China's huge market scale is what has made Tesla so successful. The Chinese market means opportunities for the US NEV maker. The capacity of Tesla's Shanghai gigafactory has greatly outperformed expectations and become an indispensable pivot for the company's global ambitions, resolving a major concern for Tesla, supported by China's stable supply chain. 

The success of Tesla's Shanghai plant is a testament to China's fast-growing NEV sector and its unique advantages as a global manufacturing hub. The factory has achieved milestone successes one after another in the past years despite attacks from some ill-willed foreign media against the resilience of the Chinese economy.

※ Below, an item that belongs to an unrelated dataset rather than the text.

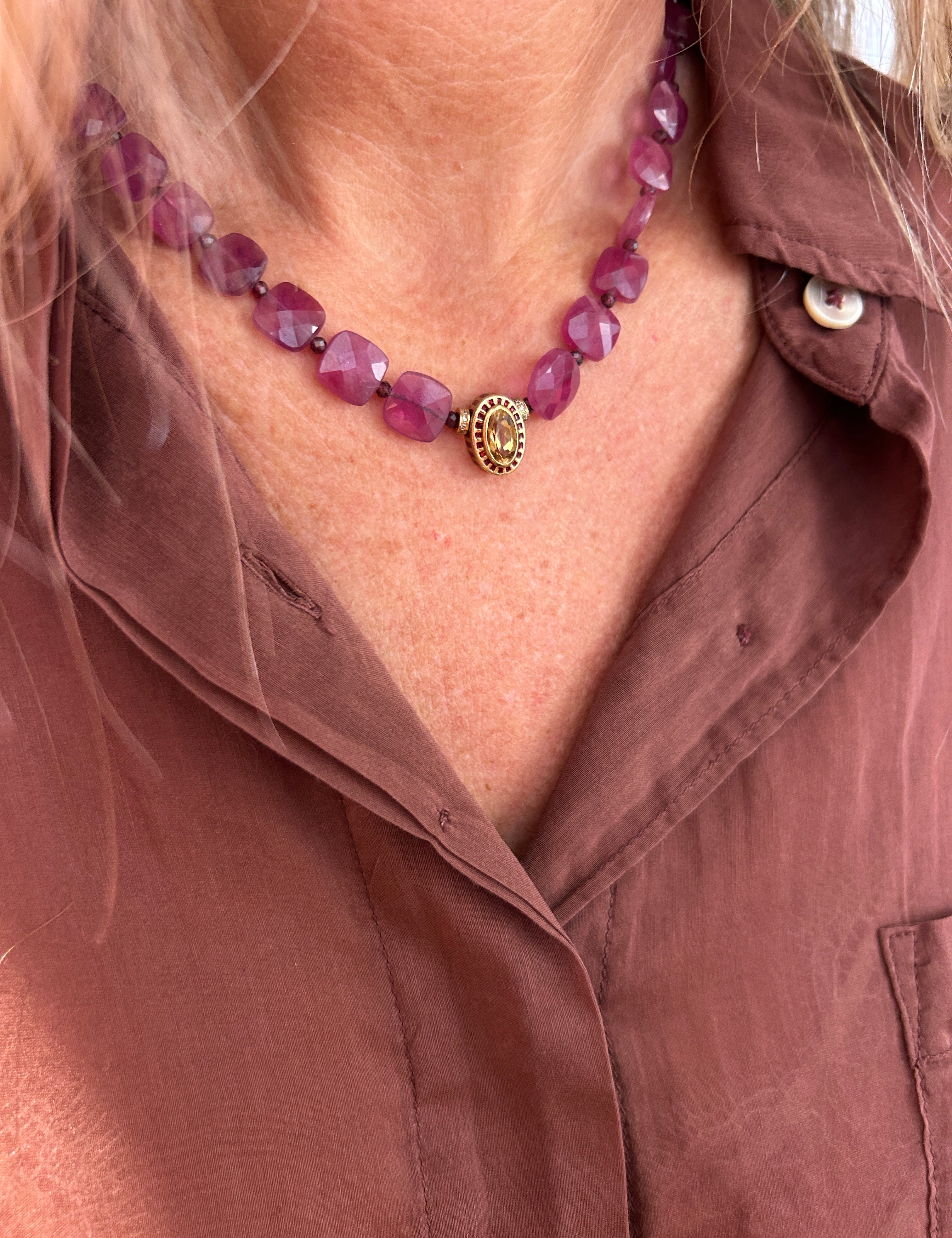 Ruby and Grenat HENRI Necklace with Citrine Pendant / BOHEMIAN RHAPSODIE

Tesla is now China's third best-selling EV maker after domestic brands BYD Motor and SAIC-GM-Wuling, and is the only foreign player in the top 15 list published by the China Passenger Car Association. However, it is facing fierce competition from domestic Chinese automakers. 

In China, Tesla faces competition from domestic companies like BYD, SAIC Motor and Nio, which are also pushing into the European market with more affordable electric vehicles. Investors are closely watching Tesla's performance in China, which is believed to have far more growth potential than Europe or the US.

The stability of China's supply chain and the resilience of China's economy will not be overshadowed by outside political slanders. Tesla's future development is inseparable from the Chinese industrial chain and the Chinese market even as it is facing growing competition from Chinese automakers.

The author is a reporter with the Global Times.